I keep green tree pythons and they are heated by 11"flex watt.
The flex watt slides into a false back that is sort of visable in the 1st pic.

Here are the baby cages I designed same heat sorce and set up drains and all!










Greg


----------



## dark FrOsT (Sep 23, 2006)

those are kickass


----------



## furious piranha (Mar 22, 2005)

whyd o you have so many?? do u breed them, or jsut collect?


----------



## Mettle (Dec 29, 2003)

That is INCREDIBLE.

I applaud you for having such sound 'facilities'. It's nice to see someone who breeds such a magnificent creature (truly one of my fave snakes) with such a great set-up. I like how everything is organized there and it looks really easy to maintain and clean.

Up until what size do you keep them in there?

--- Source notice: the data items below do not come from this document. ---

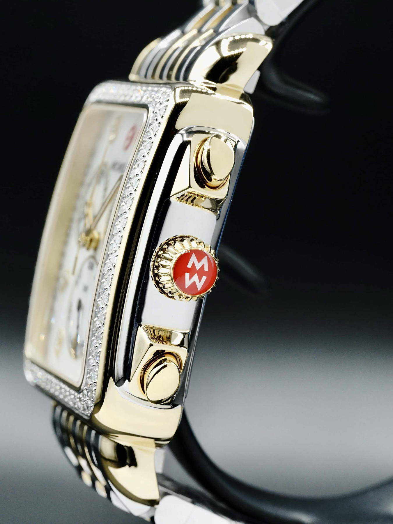 This Michele Deco XL Two-Tone 18k Gold MWW06Z000034 is in EXCELLENT condition. This watch includes its original box and electronic instruction manual. *Factory stickers on bracelet & case back.*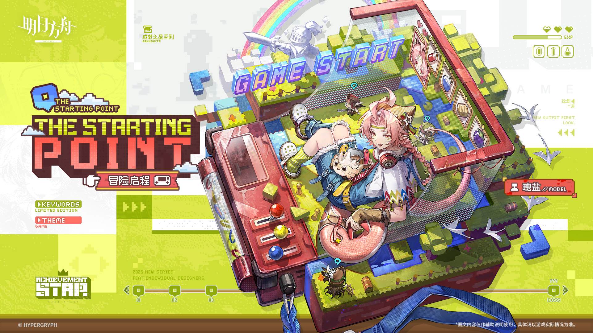 【アークナイツ大陸版】ローズソルト専用コーデ「冒険の始まり」 アークナイツ X Mastodon Bluesky Misskey Facebook コピー 2025.12.17 Achievement Starシリーズ「冒険の始まり」。 ローズソルトがアドベンチャーゲームをプレイしている時の衣装。 ヘッドフォンを付けてゲーム機の前でくつろぐローズソルトはファンタジー世界で財を成す準備を整えた。 ――HPは満タン、消耗品も十分。迷う必要は無し、宝物を目指して出発しよう!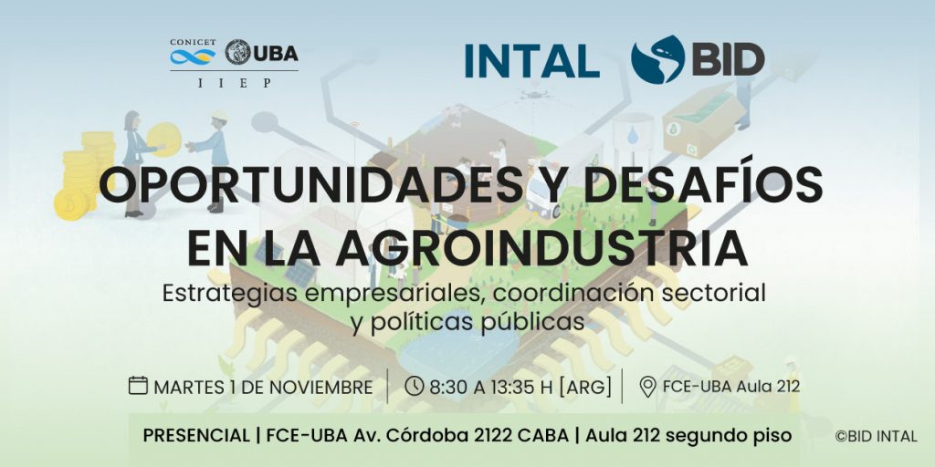 Carlos Aggio, investigador del CIECTI, participó del evento “Oportunidades y desafíos en la Agroindustria: Estrategias empresariales, coordinación sectorial y políticas públicas” organizado por el Instituto Interdisciplinario de Economía Política (IIEP UBA-CONICET), el Banco Interamericano de Desarrollo (BID) y el Instituto para la Integración de América Latina y el Caribe (BID-INTAL). Aggio conformó el panel sobre “Coordinación de Sistemas Agroalimentarios”, junto a Sofía Stemberg (BID), Florencia Jaureguiberry (Universidad N. de Rio Negro), Carlo Ferraro, Roberto Bisang (IEP-UBA-CONICET) y quien estuvo a cargo de los comentarios, Silvina Carles Campos (CONINAGRO). Durante el transcurso de la jornada se presentaron trabajos de investigación que forman parte del informe “Competir en la agroindustria: Estrategias empresariales y políticas públicas para los desafíos del siglo XXI”, recientemente publicado por el BID.

What types of cages are the adults housed in?


----------



## Greg Stephens (Sep 30, 2006)

Mettle said:


> That is INCREDIBLE.
> 
> I applaud you for having such sound 'facilities'. It's nice to see someone who breeds such a magnificent creature (truly one of my fave snakes) with such a great set-up. I like how everything is organized there and it looks really easy to maintain and clean.
> 
> ...


The cages in the reply are the baby cages i designed they are 40 x 12 x 12. The new cages I posted are 
the mid size for adult males and 300 gram to 800gm females.

The adults are in the old neodesha 2x2x2 arboreals. 
Here is a pic of the adult cage set up!









I have a female getting ready to have a prelay shed and one getting ready to ovulate so I need to get these mid size cages set up!



> whyd o you have so many?? do u breed them, or jsut collect?


Why not! lol I do breed them and love holding these kids back to see how they turn out.
I am working on local croses and some very nice designer stuff.

Greg


----------



## studmuffin992 (Feb 27, 2006)

that is a cool set up so u breed them and sell them thats ur job huh?? were is that not in ur home is it?


----------



## dark FrOsT (Sep 23, 2006)

that setup is awesome .. i think im in love wish i could house that many snakes


----------



## Greg Stephens (Sep 30, 2006)

No I wish I did it for a living but I have a FT job.
Yes I have this all set up hear at the house!

Greg
btw just picked up the baance of the new cages 12 total!


----------



## burton12387 (Jun 17, 2004)

That is amazing- The cleanest and most efficient system i could imagine, awesome job........
AJ


----------



## dark FrOsT (Sep 23, 2006)

i cant what to see all those cages filled with snakes


----------



## Red Eyes (Nov 25, 2003)

Thats quite a setup you have







Do you have all the cages "plumbed in"? Is this so you can flush away all the waste? How do you like the Helix, Johnson Controls thermostats?


----------



## Greg Stephens (Sep 30, 2006)

Red Eyes said:


> Thats quite a setup you have
> 
> 
> 
> ...


 They are all on 1/4" misting line that is connected but the cages all drain onto the corrugated drip plated then too the gutters which navigate the water to a sump pit where it is pumped outside.

The Helix's are nice but I really like the A419 units I was turned onto they are not proportional but work great.

All the poo and urates are remove and thrown away.

Greg


----------



## Atlanta Braves Baby! (Mar 12, 2003)

Wow you arrangement is awesome. Thanks for sharing your pics and info with us.


----------



## CrocKeeper (Dec 26, 2003)

Very nice design Greg! Glad to see you still here....keep us posted on eggs this spring! I think you may create some Chondropython lovers here.....

I did finally get to look at your parasite paper....thanks to a friends laptop...that was very thorough work Greg, you should think about putting that into a formal article and submit it for publication.....

I really loved the full time job comment.....guys and gals almost without exception the big "breeders" all have either high paying full time jobs, or their spouses do....NEVER KEEP ANIMALS TO MAKE MONEY, KEEP ANIMALS BECAUSE YOU LOVE THEM......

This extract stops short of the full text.